But about the script, I’m going to need to switch to the room boundaries for the curves since walls usually span multiple rooms so the wall faces are not gonna work…
But I have no idea how to move the curves from the room boundaries in the correct direction to compensate for the thickness of the finish…

Autodesk University is here: https://www.autodesk.com/autodesk-university/conference/call-for-proposals
Community Conversations proposal is here: https://autodeskfeedback.az1.qualtrics.com/jfe/form/SV_6ofmUCJ943S4BBI

For the room boundaries method, I’d take the curves, build a polycurve, explode that polycurve, and then offset by -1/2 of the thickness. You’ll have faces partially overlapping which could cause some issues, but since they are all walls and aligned to each other Revit’s built in cleanup utilities may resolve it (we can hope so anyway).
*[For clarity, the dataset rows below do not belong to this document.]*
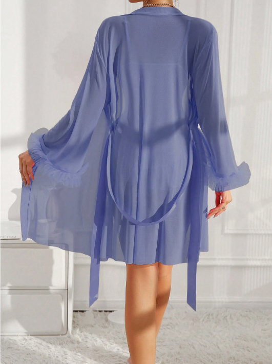 2pcs Set: Fishbone Style Cinch Waist Lace Cami Nightgown & Wide Sleeve Mesh Robe (Mauve Purple)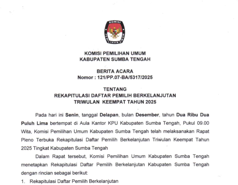 Berikut merupakan Berita Acara dari Rapat Pleno Terbuka Rekapitulasi Daftar Pemilih Berkelanjutan (PDPB) Triwulan Keempat 2025 yang diselenggarakan pada 8 Desember 2025, oleh KPU Kabupaten Sumba Tengah, bersama dengan Disdukcapil, Bawaslu, Kodim 1613 Sumba Barat, dan Polres Sumba Barat.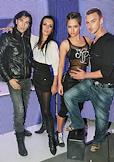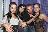 Дуэт "БиС" (Дмитрий Бикбаев (второй слева) и Всеволод Соколовский (второй справа) и телеведущая Яна Чурикова (справа) на финальном концерте проекта "Фабрика Звезд- 7" в спортивном комплексе "Олимпийский".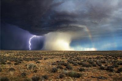 눈부시게 빛나는 무지개, 먹구름을 가르는 번개, 지평선을 휩쓰는 회오리바람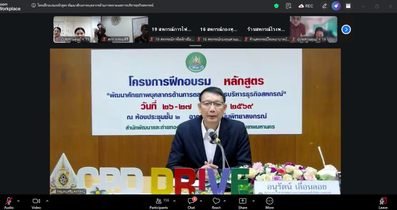โครงการฝึกอบรม หลักสูตร “พัฒนาศักยภาพบุคลากรด้านการตลาดและการบริหารธุรกิจสหกรณ์” จัดขึ้นระหว่างวันที่ 26 - 27 มีนาคม 2569 โดย สำนักพัฒนาและถ่ายทอดเทคโนโลยีการสหกรณ์
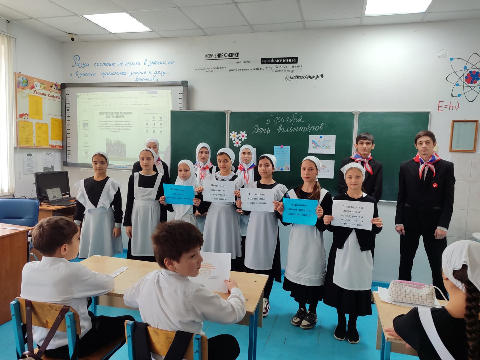 В преддверии дня Добровольца, который отмечается 5 декабря, Бакаева Л.В. совместно с участниками Движения Первых провела классный час для учеников 5-х классов . Ребята рассказали учащимся школы, что такое добровольчество, когда оно появилось и почему так важно делать добрые поступки. Ребята увлеченно слушали, затем рассказали, какие добрые дела они совершали. По окончанию классного часа, ученики решили пополнить ряды добровольцев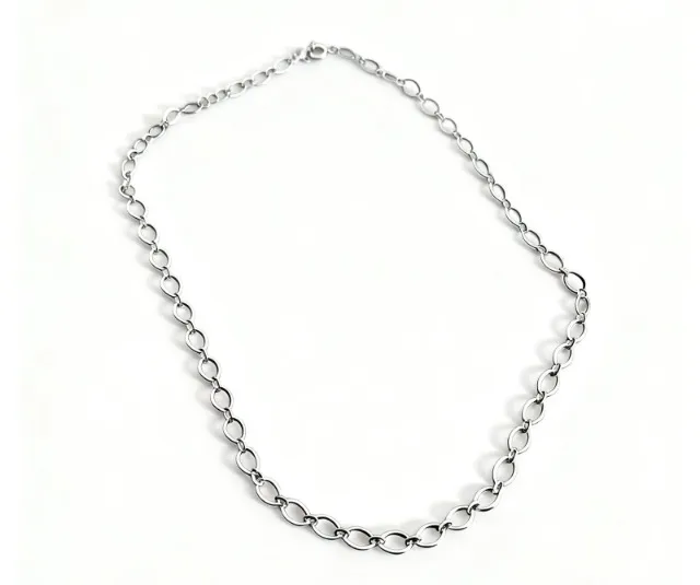 Adicione um toque de sofisticação geométrica ao seu look com este Colar Longo de Elos Ovais. Com um design clean e contemporâneo, esta peça se destaca pela leveza e pelo brilho intenso dos elos polidos, sendo a escolha perfeita para quem busca um acessório marcante e moderno.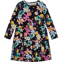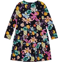 Svart jerseyklänning i ekologisk bomull med en lös passform, rund hals och långa åtsittande ärmar. Klänningen har en två-lagers kjol med gott om veck, vilket möjliggör lek och rörelse. Den har ett all-over tryck av livliga blommor i fräscha färger, som sticker ut vackert mot den svarta bakgrunden.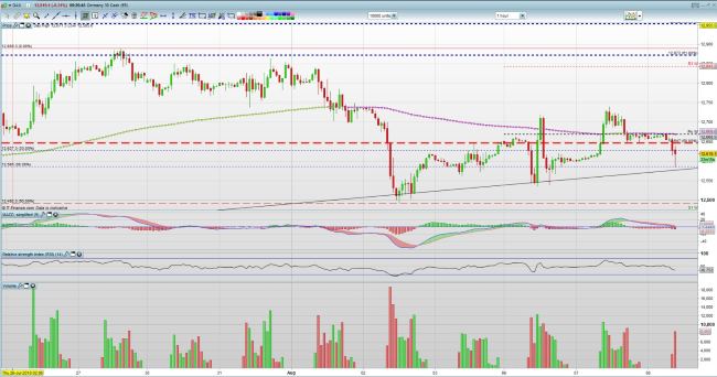 Nachdem es der DAX gestern nicht geschafft hat den Widerstand bei 12.750 Punkten zu überwinden fiel der deutsche Leitindex zunächst wieder in den Widerstandsbereich bei 12.650/12.670 Punkten. Heute Morgen startet der DAX mit Abschlägen in den Handelstag und notiert derzeit knapp über der Unterstützung bei 12.600 Punkten. Knapp darunter verläuft bei 12.575 Punkten eine kurzfristige Aufwärtstrendlinie (Jul/Aug Bewegung) welche den Markt nur kurz aufhalten dürfte. Kritisch wird das charttechnische Bild erst bei Unterschreiten der Unterstützung bei 12.500 Punkten. Hier könnte eine Anschlussbewegung bis in den Bereich 12.400 Punkte hinein erfolgen wo auch das 61.8% Fibonacci Retracement Niveau der Juni-Juli Bewegung verläuft. Nach oben stehen die gleichen Widerstände wie am Vortag zur Disposition.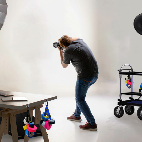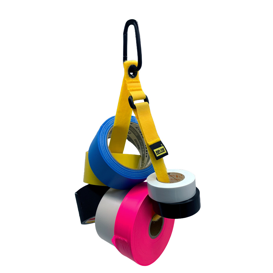 付属のカラビナでツールベルト、バッグ、ラック、機材運搬用カートなどに吊るして、テープ類を適切に管理します。テープ側面の汚れ防止にも◎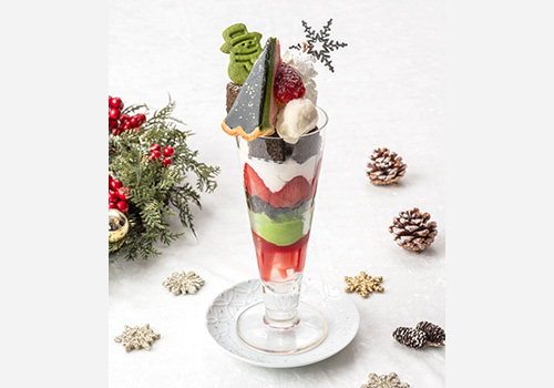 深いコクと香ばしさがたまらない、ほうじ茶アイスにザクザク食感のほうじ茶シュトロイゼル、マカデミアナッツが入った濃厚な塩キャラメルアイスが絶妙な塩味で甘さを引き立てます。いちごの甘酸っぱさが重なり、贅沢な味わいの層をお愉しみください。※12月25日(木)までのご提供です。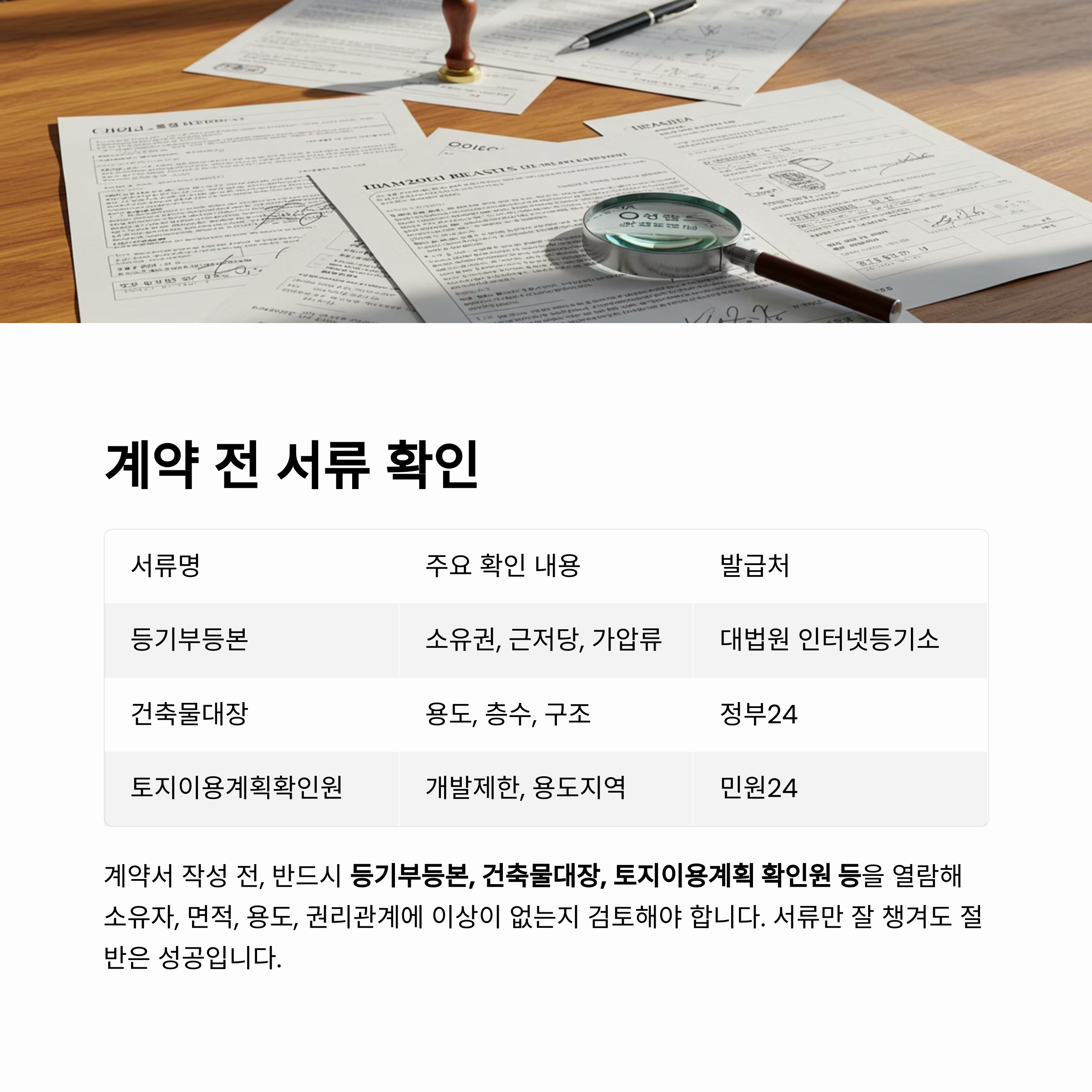 | 3단계 | 서류 확인 | 등기부등본, 건축물대장 |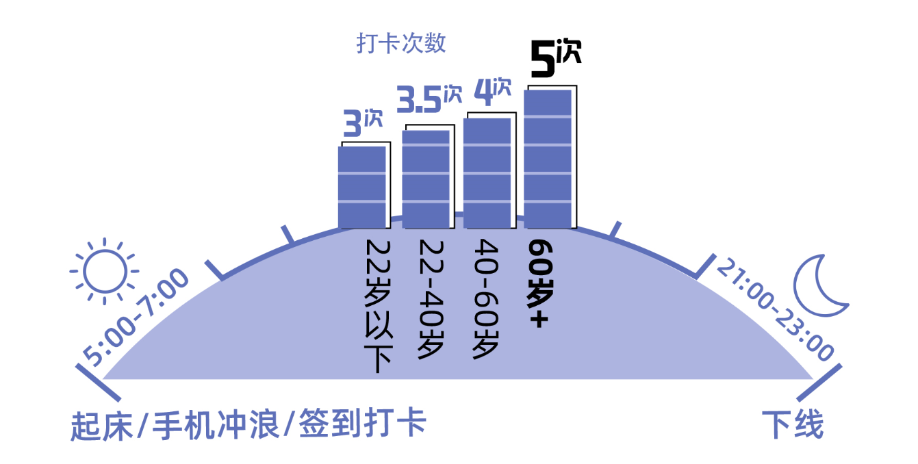 趣頭條借助平臺大數(shù)據(jù),隨機選取了100萬60歲及以上老年人樣本進行網(wǎng)絡(luò)行為分析。樣本中,男性占比48.21%,女性占比51.79%;51.12%分布在一二線城市,48.88%分布在三線以下城市。在100萬老年用戶中,大多數(shù)老年人都是在早上5-7點開始手機沖浪,上午9點達到高峰,之后回落,每個老年用戶平均一天登錄5次APP,高于其他不同年齡段的用戶。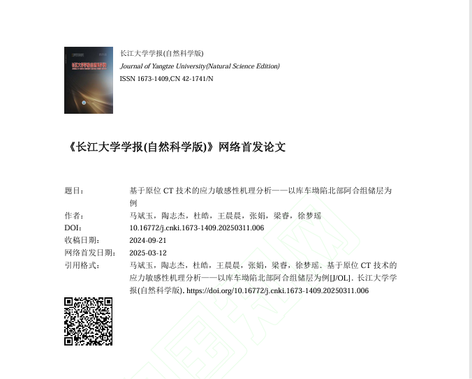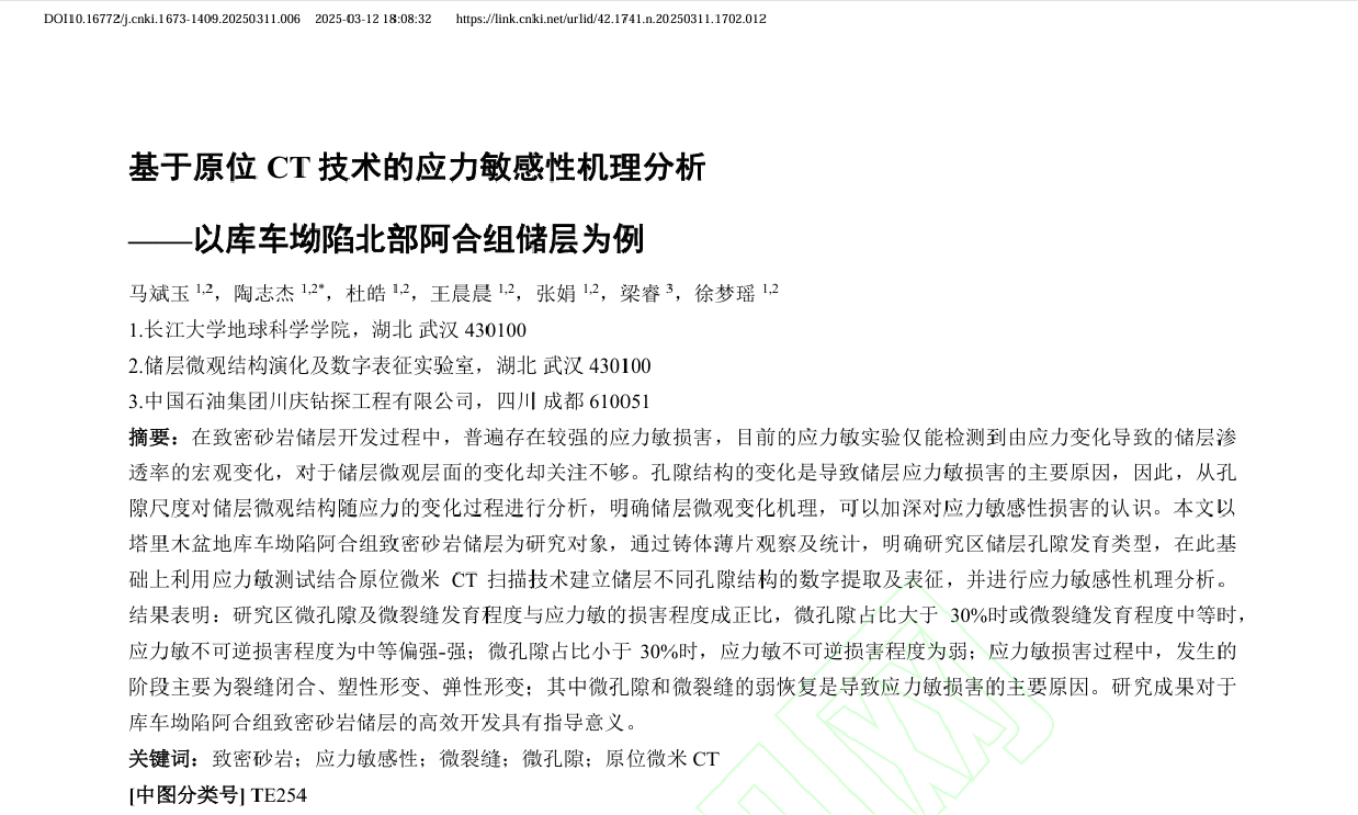 beats365官方网站地质学研究生陶志杰在《beats365学报(自然科学版)》上发表了题为“基于原位CT技术的应力敏感性机理分析——以库车坳陷北部阿合组储层为例”的研究论文。

If not you’ll have to offset, then trim/extend as needed to get a closed loop.

I’ll take a look at it.

I was able to do the polycurve and explode it.
I’m able to get the offset value.
Joining in the corners I also already have covered, but trimming would be better, is this possible in dynamo?

But I have no idea how to offset the curves in the right direction - towards the interior/middle of the room…

Using the negative value should work once you make the polycurve. :slight_smile:

So offset the polycurve before exploding?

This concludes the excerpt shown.